– Что ж! Вы и сами знаете, – с тяжёлым сердцем проговорил Константин, сцепил руки в узел и спрятал глаза в пол. – Мы готовы и на это.
Покладистость христианина несказанно обрадовала Абалаева. Почувствовав явную непрактичность будущего свата, Башир понял, что может продвинуть и другое своё дело, помимо женитьбы сына. Например, потешить свой кошелёк.
– И ещё одно, – поднимаясь, спохватился Ахмедович. Они с Константином пожали друг другу руки и расцеловались в обе щеки. – Приданое. Надо бы его оговорить.
– Да-да, конечно! – поддакнул князь Циклаури и решился пошутить: – Забавно, что у мусульман всё наоборот! У вас сторона жениха выплачивает за невесту калым.
– Но вы же не мусульмане.
«И к тому же товар у вас… так себе», – подумал про себя Башир, но вслух этого, конечно, не сказал.
Немного помолчали, не найдя нужных слов.
– И каким же будет приданое, по-вашему? – проглотил обиду князь, потому что был уверен в своих деньгах. Спасибо предкам, постарались! – Я готов отдать за неё любую сумму…
– Сорок три тысячи, – озвучил свои требования чеченец.
– Сколько-сколько?! – ахнул грузин.
– Сорок три тысячи рублей и ни копейкой меньше. Иначе… ищите для своей дочери другого мужа.
Он не добавил «если сможете», но Сосоевич догадался об окончании и так. Отходя от шока, старый князь задел локтем стул, и тот опрокинулся. Певичка вскрикнула от шума и, к их облегчению, перестала петь. Башир Ахмедович забрал с вешалки меховое пальто и натянул на голову шапку из чистой шкуры песца, которые носил скорее для виду, нежели по надобности. За половину декабря в их краях ни разу не выпало снега. Зато сегодня природа как будто разбушевалась!..
– Думайте, ваше сиятельство, а я пока откланяюсь.
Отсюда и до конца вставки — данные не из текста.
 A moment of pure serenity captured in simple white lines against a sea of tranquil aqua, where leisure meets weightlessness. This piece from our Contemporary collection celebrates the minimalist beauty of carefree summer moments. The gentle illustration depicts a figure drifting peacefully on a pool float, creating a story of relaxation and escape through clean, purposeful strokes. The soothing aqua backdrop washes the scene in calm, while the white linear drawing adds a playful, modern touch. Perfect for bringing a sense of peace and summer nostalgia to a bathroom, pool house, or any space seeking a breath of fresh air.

Мне пора читать вечерний намаз, – благородно разрешил сват и в последний раз похлопал Константина по плечу. – Я вас не тороплю. Правда, желательно сообщить ваш вердикт завтра к полудню, чтобы я знал, продолжать ли мне путь. Будем надеяться, что в Ахалкалаки мои скитания закончатся.
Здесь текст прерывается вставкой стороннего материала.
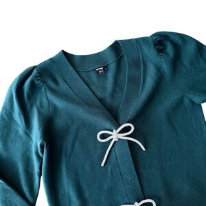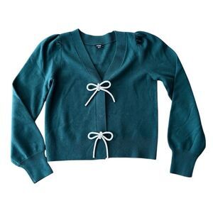 Express Cardigan Bow Button Sweater Small Green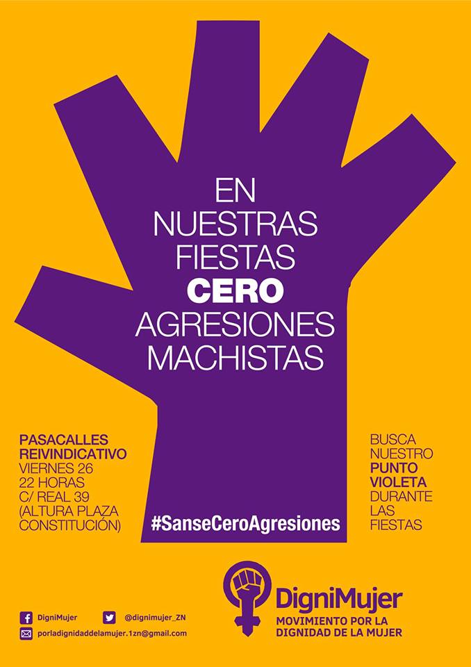 Al comienzo de las Fiestas de Sanse, el próximo viernes 26 de Agosto el movimiento por la Dignidad de la Mujer, DigniMujer, de Sanse y Alcobendas convocan un pasacalles bajo el lema «EN NUESTRAS FIESTAS CERO AGRESIONES MACHISTAS».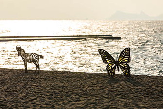 錦江湾を望む神川ビーチに、約10体の楽しい影絵が出現!おすすめタイムは夕暮れ時。海がきらきらと夕陽に照らされ、幻想的な雰囲気に。友達とポーズをキメて撮影しよう!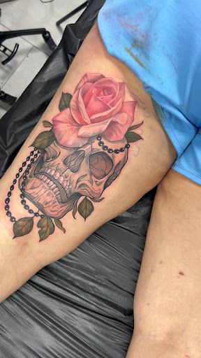 This was my third time going back for a tattoo. Be aware, I drive over three hours to come to this shop. I have looked into and visited many shops around my area, and as every shop can't be the same style you want in tattoo work or actual atmosphere at the shop, it should have a high standard to cleanliness and relationships with the clients. I have never been disappointed with any aspect here. From the look of the shop, how the artist prep and clean up after, how their attention to cleanliness is above any I've seen, how they communicate with each other, how I've observed those who are apprentices ask questions and genuinely look to be listen to what's being said, how the artist directs those under apprenticeship with clear communication and guidance to build their skills further is honestly amazing. The atmosphere at the shop is something to be noticed all on its own apart from the work they do. A shop can get busy and hectic at times, but they work together to serve as efficiently as they can. I appreciate their attention to detail in the running of the shop and the quality of work they do too. I haven't gotten tattoos done by anyone else since my first trip here. I would love to see more shops operate to this standard. I know there are more, but I wish this was the normal. They are a high standard I...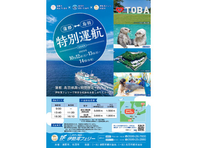蒲郡市市政70周年×鳥羽市市政70周年×伊勢湾フェリー60周年を記念して、かつて蒲郡竹島埠頭から発着していた蒲郡鳥羽航路を3日間限定で特別運航いたします。普段乗船することができない航路を利用し、蒲郡市と鳥羽市両地域の観光と船旅をお楽しみください。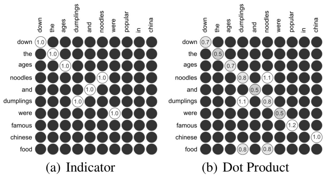 来表示,和MatchPyramid模型一样,文中使用了indicator和cosine两种方法,indicator相当于是精确匹配,只有query的第i个term和doc的第j个term完全一致才s

Мужчины в последний раз обменялись улыбками, когда официант раскрыл для Абалаева двери, и вьюга забрала его в свои объятья. Дунуло холодом, и старый Циклаури, поёжившись, опустился на прежнее место за столом. Схватившись за голову, он зажмурился. Отдать дочку за мусульманина, за непредсказуемого чеченца, и выплатить за неё огромное приданое, лишь бы сбыть её, наконец, с рук… тьфу!.. Шакроевич точно поднимет его на смех!
***
Узнав о выборе отца от матери, Ламара разразилась горючими слезами. Софико, сидя за фортепьяно, стала играть громче, чтобы перебить сестринский визг и материнские причитания. Она лишь изредка попадала в ноты, что делала, впрочем, вполне осознанно. Ламара тем временем ревела всё настырнее и настырнее с каждой минутой, от чего Мцхета, которая не видела со дня пожара пять лет назад ничего ужаснее, содрогнулась до самого основания.
– Хватит! – вскрикнула несчастная княгиня и зажала уши руками. От какофонии звуков у неё нестерпимо разболелась голова. – Милая моя, Вагнер тебе не дается. Лучше выбери что-то из Шопена.
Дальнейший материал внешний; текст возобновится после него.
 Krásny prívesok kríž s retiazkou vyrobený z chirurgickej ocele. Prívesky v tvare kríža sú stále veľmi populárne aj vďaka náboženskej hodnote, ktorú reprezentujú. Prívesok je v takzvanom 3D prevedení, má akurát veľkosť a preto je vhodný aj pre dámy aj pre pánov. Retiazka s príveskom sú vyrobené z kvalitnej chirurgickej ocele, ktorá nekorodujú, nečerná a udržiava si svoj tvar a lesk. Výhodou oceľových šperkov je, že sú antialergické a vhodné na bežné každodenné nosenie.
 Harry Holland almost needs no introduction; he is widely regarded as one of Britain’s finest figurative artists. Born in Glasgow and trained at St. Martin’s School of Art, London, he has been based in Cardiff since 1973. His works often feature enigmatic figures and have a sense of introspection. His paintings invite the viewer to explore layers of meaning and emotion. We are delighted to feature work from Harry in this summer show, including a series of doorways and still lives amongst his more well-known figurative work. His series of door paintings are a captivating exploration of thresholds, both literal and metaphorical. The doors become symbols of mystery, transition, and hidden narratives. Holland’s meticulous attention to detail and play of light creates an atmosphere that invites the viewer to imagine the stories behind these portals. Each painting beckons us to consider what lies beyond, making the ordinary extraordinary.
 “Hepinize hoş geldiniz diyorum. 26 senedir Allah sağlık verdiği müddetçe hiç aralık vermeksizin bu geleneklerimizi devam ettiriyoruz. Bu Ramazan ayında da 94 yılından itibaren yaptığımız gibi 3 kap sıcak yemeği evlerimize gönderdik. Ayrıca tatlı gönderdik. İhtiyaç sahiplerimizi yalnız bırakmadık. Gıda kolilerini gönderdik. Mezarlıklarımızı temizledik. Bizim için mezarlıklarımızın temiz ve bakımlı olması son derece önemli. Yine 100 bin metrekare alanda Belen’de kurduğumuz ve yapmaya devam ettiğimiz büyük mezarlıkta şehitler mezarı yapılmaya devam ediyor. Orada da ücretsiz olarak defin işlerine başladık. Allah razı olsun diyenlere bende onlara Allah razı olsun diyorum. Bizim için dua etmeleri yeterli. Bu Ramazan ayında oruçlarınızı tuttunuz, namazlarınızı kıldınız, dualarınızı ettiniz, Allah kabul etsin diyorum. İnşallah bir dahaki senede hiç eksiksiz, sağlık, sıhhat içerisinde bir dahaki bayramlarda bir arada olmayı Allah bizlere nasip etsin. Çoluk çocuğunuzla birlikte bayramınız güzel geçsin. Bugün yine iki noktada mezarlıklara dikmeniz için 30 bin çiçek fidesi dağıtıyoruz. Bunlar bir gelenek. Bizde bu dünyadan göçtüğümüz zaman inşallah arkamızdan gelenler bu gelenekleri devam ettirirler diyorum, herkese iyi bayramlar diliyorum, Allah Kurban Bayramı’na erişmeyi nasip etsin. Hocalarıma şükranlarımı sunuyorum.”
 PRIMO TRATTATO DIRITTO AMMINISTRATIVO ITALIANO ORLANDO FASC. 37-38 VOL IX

– Как скажете, маменька, – невинно улыбаясь, согласилась младшая дочь и, пряча в краешках губ усмешку, заиграла ещё невыносимее. Разгадав замысел маленькой плутовки, Дариа Давидовна твердо решила, что вытерпит этот концерт до конца и не сдастся. Надо признать, что и у Софико, превратившейся в хорошенькую юную барышню с ангельским лицом точь-в-точь как у любимого брата, тоже хватало упорства. Шалико в своих письмах называл её «львиным сердцем», сравнивая с английским королём Ричардом, ведь, подобно истинной королеве, его юная сестра не знала страха.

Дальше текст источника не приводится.